# Plants struggling



## RSidetrack (Dec 31, 2007)

Okay, so my 29g aquarium has several plants in it, but they all seem to be struggling. I have read in so many places that they can be in the aquarium during the cycling process - but they are getting brown spots on the leaves and leaves are curling in on themselves, etc.

I just added some fertilizer for the plants that a friend of mine uses and has had great success on his. I just want to make sure something else isn't a miss.

I have a 17W bulb (is this enough) and a CO2 system that I set up yesterday. I would just like to make sure none of the plants die so any advice would be greatly appreciated.


----------



## Sea-Agg2009 (Aug 2, 2008)

The CO2 should help out quite a bit. Cycling your tank will deplete the natural CO2 in the water. Not totally sure on lighting, but most sword-like plants like around 2 watts per gallon.


----------



## RSidetrack (Dec 31, 2007)

Sea-Agg2009 said:


> The CO2 should help out quite a bit. Cycling your tank will deplete the natural CO2 in the water. Not totally sure on lighting, but most sword-like plants like around 2 watts per gallon.


So I should really have a 60 watt bulb - my fixture only supports 20 watts, guess I am going to have to start searching


----------



## emc7 (Jul 23, 2005)

What kind of plants? pics if you don't have names. I think your 17W will support "low-light" plants. If your plants aren't on the low-light list, they won't thrive without more light.


----------



## RSidetrack (Dec 31, 2007)

emc7 said:


> What kind of plants? pics if you don't have names. I think your 17W will support "low-light" plants. If your plants aren't on the low-light list, they won't thrive without more light.

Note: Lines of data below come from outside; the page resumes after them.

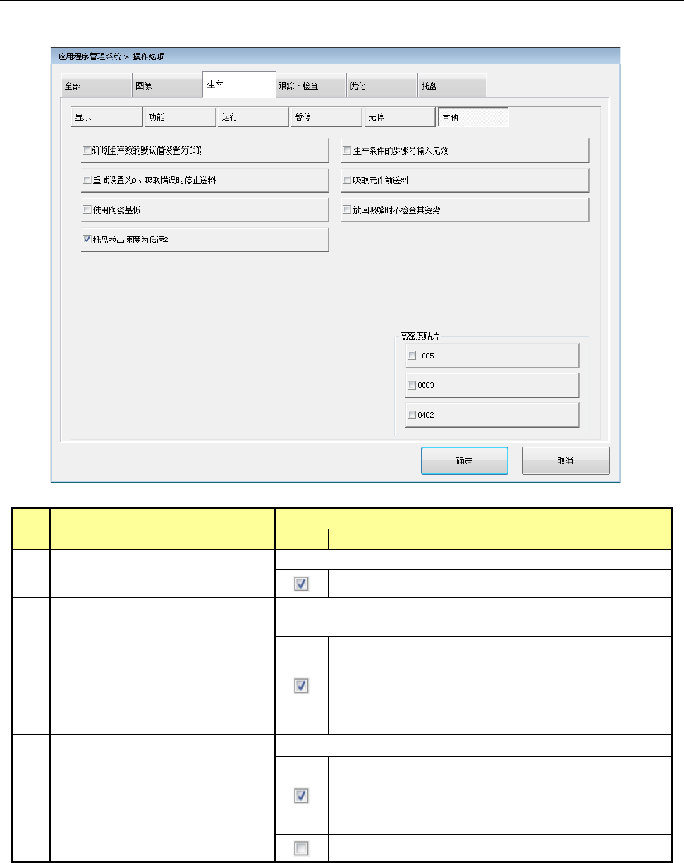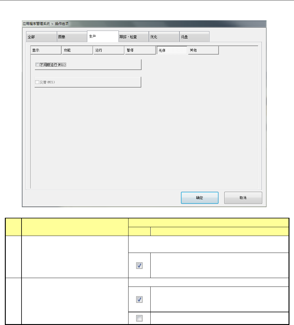 第 2 部 功能详解篇 第 7 章 操作选项 7- 20 7-4- 6 其他 按下[其他] 按钮,会显示 “ 生产 的其他设置 画 面 ”。 No. 项目 内容 状态 动作及详细内容 1 计划生产数的默 认值设置为 [0] 设置计划生产数 量的默认值为 0 的功能 。 计划生产数 默认值为 0 。 2 生产 条件 的 步骤号输入 无效 设置生产 条件画面的步骤 号、 开始 行、 结束 行均不可输入的 功能。 使 生产条件画面的步骤 号、…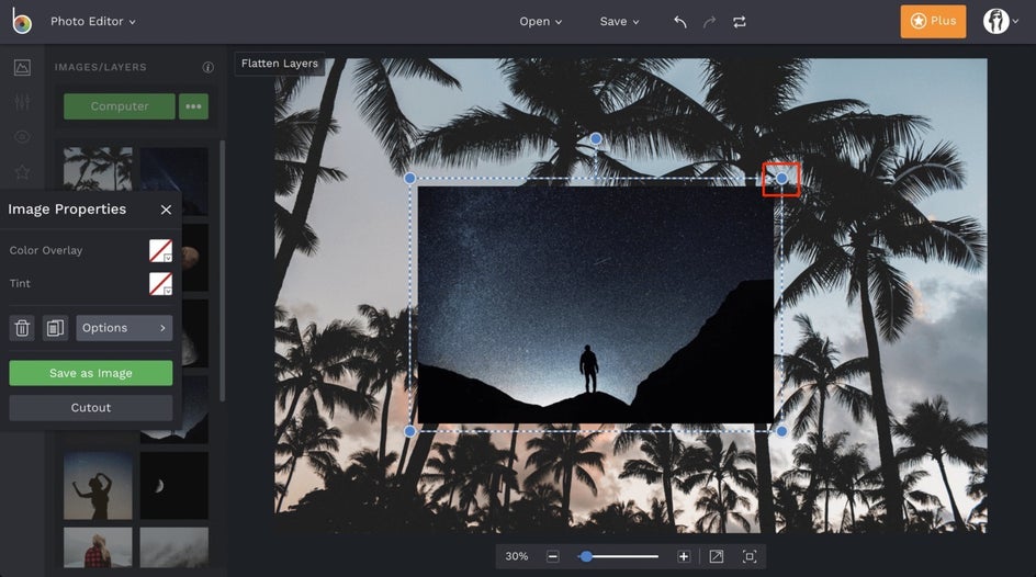 In the Image Manager tab, upload a file from your computer, your image library, or choose from BeFunky’s large selection of free stock photos. Once your image uploads, it will appear in the Image Manager tab as a thumbnail. To add it to the base image, simply double click the thumbnail or drag and drop it onto your base layer. From there, resize the active image layer by clicking and dragging the blue circles at the edge of the image.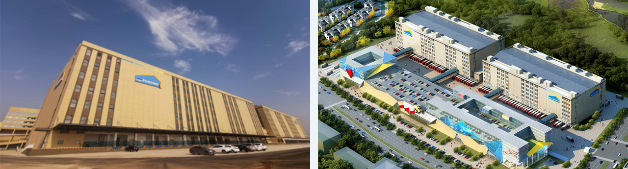 兩座七層土建冷庫,冷庫建筑面積為163094㎡,實際庫容超15萬噸。公稱容積約41萬m3,共計42個冷間,超大型CO2冷鏈綜合體,  采用R134a/CO2復疊、載冷制冷系統。末端設備采用冷風機,低溫庫采用自動水融霜,低溫穿堂采用自然融霜。另外綜合展銷區超過3700臺冷柜亦采用CO2集中供冷,世界首創。本工程以綠色節能為宗旨,提出四位一體設計理念。所謂的四位是指在本項目中,冷庫采用的制冷系統、萬噸城采用的集中冰柜系統、空調系統、熱水系統。 一體是指在冷庫、冷柜、空調、熱水各獨立子 系統之間,增加一套CO2熱泵熱 回收蓄熱裝置使整個系統聯動,實現冷熱能源高效平衡綜合利用。
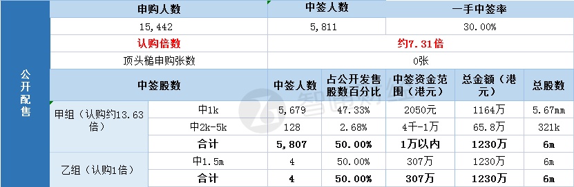 其中,公开配售申购人数15442人,一手中签率30%,认购倍数约7.31倍。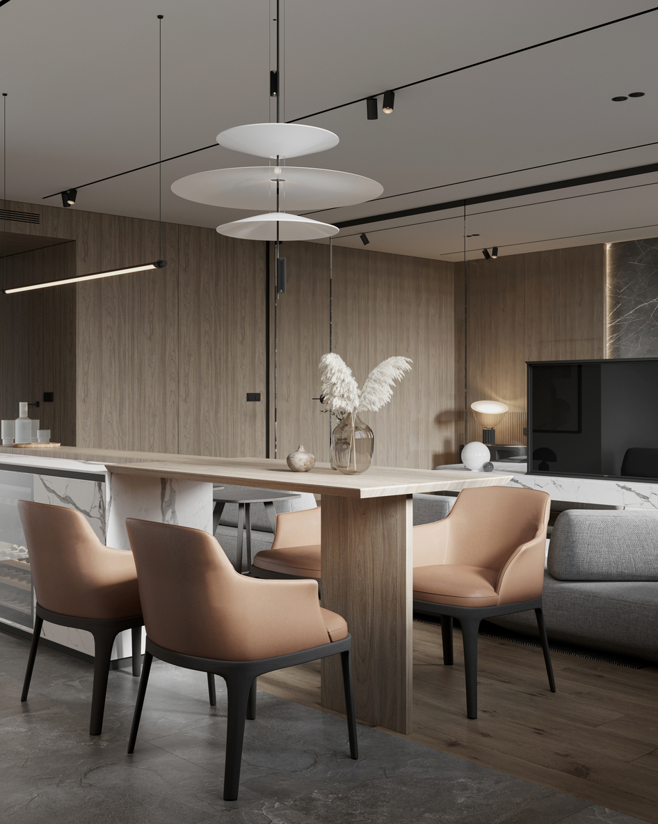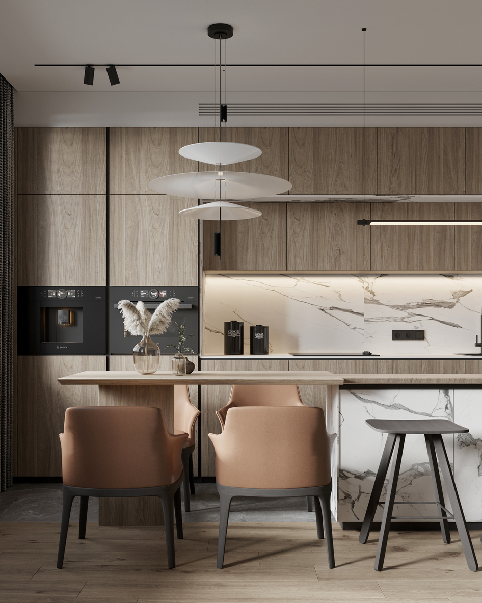 Интересно, как у вас так получается, что за одной высотой столешницы- у вас стоят полубарные стулбя и простые. Простые- явно здесь не к месту. А виз неплохой.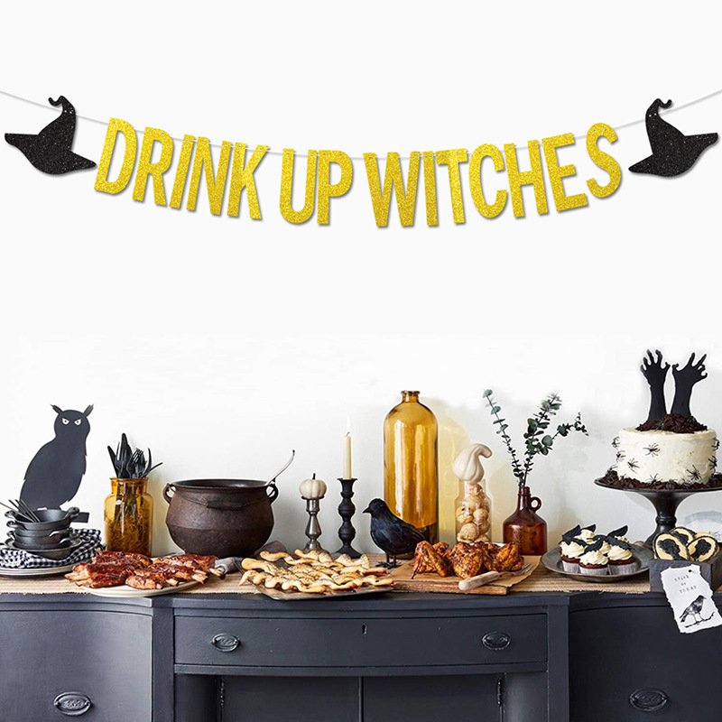 新しいハロウィーンDRINK UP WITCHES旗パーティーテーマ花背景壁室内屋外装飾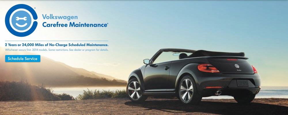 * The Volkswagen Carefree Maintenance Program covers the vehicle's scheduled maintenance for two years or 24,000 miles, whichever occurs first, only on 2014 models. This program does not apply to 2009-2013 models. Some restrictions apply. See dealer or vehicle maintenance program booklet for details.
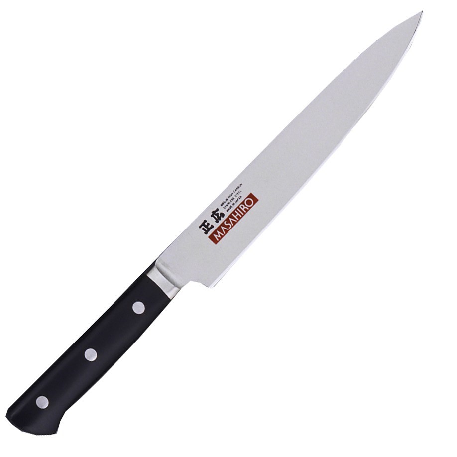 Le couteau à découper Masahiro M14 est léger et parfaitement équilibré. Sa prise en main est optimale pour une grande efficacité de découpe.

Unfortunately I don't have the names, if you know them I would love to know . Anyway, here are the pictures of the various plants I have in my aquarium:


----------



## Sea-Agg2009 (Aug 2, 2008)

well, I can see the swords for sure. The multi-colored plants I'm not too sure about. From the original picture, the lighting seems a little low. I would say you don't need a really big light, but just a little more. I don't know how large you want your plants to grow, but "thriving" can mean completely taking over in some instances. The CO2 is likely your main problem. As I said before, cycling can deplete your CO2, and the only way to really put it back in is with an injector. I personally prefer the soda bottle method, but I don't like spending money when I don't have to. Remember, CO2 for plants is like Oxygen for fish. Plants are just more hardy, and can go a little longer without it.


----------



## RSidetrack (Dec 31, 2007)

Sea-Agg2009 said:


> well, I can see the swords for sure. The multi-colored plants I'm not too sure about. From the original picture, the lighting seems a little low. I would say you don't need a really big light, but just a little more. I don't know how large you want your plants to grow, but "thriving" can mean completely taking over in some instances. The CO2 is likely your main problem. As I said before, cycling can deplete your CO2, and the only way to really put it back in is with an injector. I personally prefer the soda bottle method, but I don't like spending money when I don't have to.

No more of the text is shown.